Commentary: Flawed America still a vision of hope

In 1964 I attended the World’s Fair in New York City; yes, the one with the big globe featured in “Men in Black.” The theme was forward-looking into a bright future. I remember one pavilion themed “It’s a Great Big, Beautiful Tomorrow” which eventually made its way into Disneyland. You rode in a new convertible and viewed various panoramas, one of which would likely shock many of today’s sensibilities.

You gazed upon a scene of the Amazon jungle, vast and untamed, with a gigantic, yellow machine, part giant bulldozer at the front slashing an enormous path through the jungle, with the back of the machine spewing out a completed four-lane, divided highway. That was called progress in 1964. The space program was in full flower, America was full of itself and the Cold War was a lot hotter than many imagined.

Within weeks of attending the NY World’s Fair, the Gulf of Tonkin Incident occurred (The Navy reported that North Vietnamese motor-torpedo boats had twice made torpedo attacks against U.S. Navy Destroyers in the Gulf of Tonkin) and the slow escalation of American military involvement in Vietnam began in earnest. By the following year, large-scale deployments of American troops to Vietnam began and in November, one of the largest battles of the war took place in the Ia Drang Valley adjacent to the Cambodian border. Optimism about a “limited war” abruptly evaporated and ever larger commitments of U.S. forces commenced. Within three years over a half million Americans were serving in Vietnam with casualties in the hundreds each week. The week I graduated from high school in 1968 over 500 Americans lost their lives. The optimism of the World’s Fair had long since evaporated as the nation tore itself apart over war protests, riots exploding in American cities, (an annual summer occurrence starting with the 1965 Watts riots) and culminating in the Chicago riots during the Democratic convention in August of 1968. Interspersed were assassinations of major political figures, notably Dr. Martin Luther King in April of 1968 followed immediately by Robert Kennedy in June of 1968.

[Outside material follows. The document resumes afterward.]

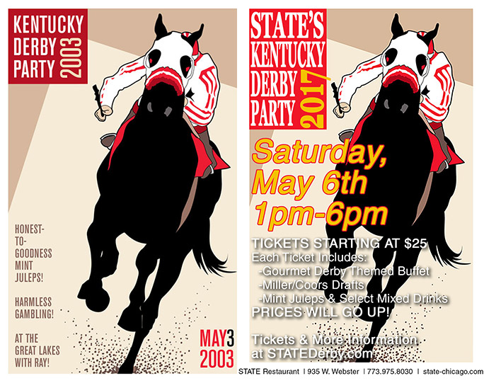 As I was perusing Google image for visual inspiration, I spotted a thief, caught in the act! Below is a poster (right) for an event in Chicago, whose promoter or venue blatantly stole my 2003 Derby poster for Ray (left), and then obliterated its elegance with godawful type treatments for a Derby Party.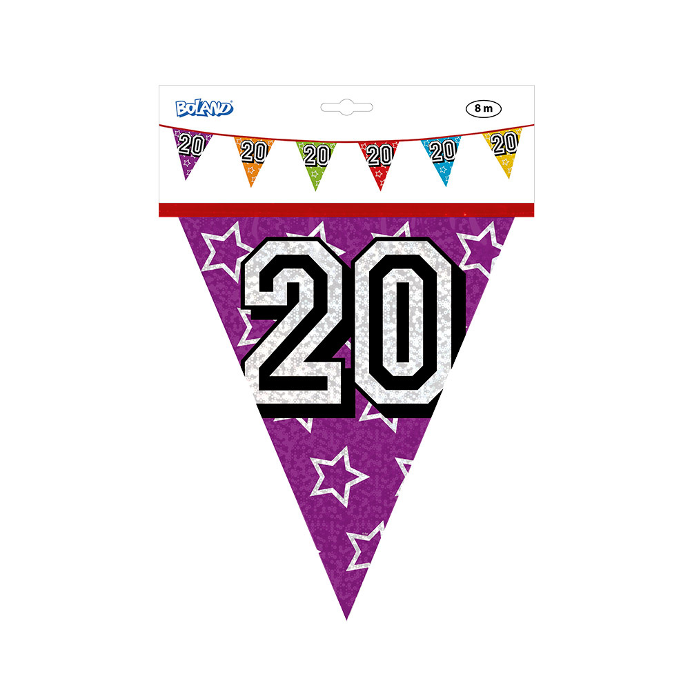 - Vlaggenlijn Holografisch 20 Jaar - 8 Meter- Lengte: 8 meter lang- Materiaal: Plastic- Enkelzijdig bedrukt

The world continued to disappoint with Russian tanks crushing a brief moment of optimism in Czechoslovakia in 1968 and Middle Eastern terrorism beginning to touch the West after an extraordinary Israeli military victory over five Arab armies in six days of 1967. Russia began fielding huge nuclear ballistic missiles carrying enormous warheads, followed by America fielding missiles with multiple nuclear warheads capable of being independently targeted. The Cold War began to inflict more casualties on both sides with the Russians probably responsible for attacking and sinking the American nuclear submarine Thresher in retaliation for what they believed was an attack upon one their nuclear subs. It was a mistake but quite fatal for the American crew. North Korea captured an American intelligence ship, the “Pueblo,” firing on the ship, killing and wounding several Americans and holding the crew hostage for a year. They followed this up by shooting down an unarmed American intelligence aircraft, killing all 31 Americans on board. In Vietnam, the Tet Offensive led to a crushing defeat of the Viet Cong but psychologically broke America’s will to continue the fight. American disillusionment was on the rise with and the demise of American faith in their government and their nation’s institutions. The ignominious defeat and withdrawal from Vietnam that occurred in 1975 scarred the American psyche for a generation, especially when coupled with the Nixon scandals. The revelations of a runaway FBI and CIA spying on American civilians, sometimes framing them (Hoover’s FBI was quite good at this) led to a massive firing of intelligence professionals after the Church Hearings and a Democrat Party sweep in the 1974 elections.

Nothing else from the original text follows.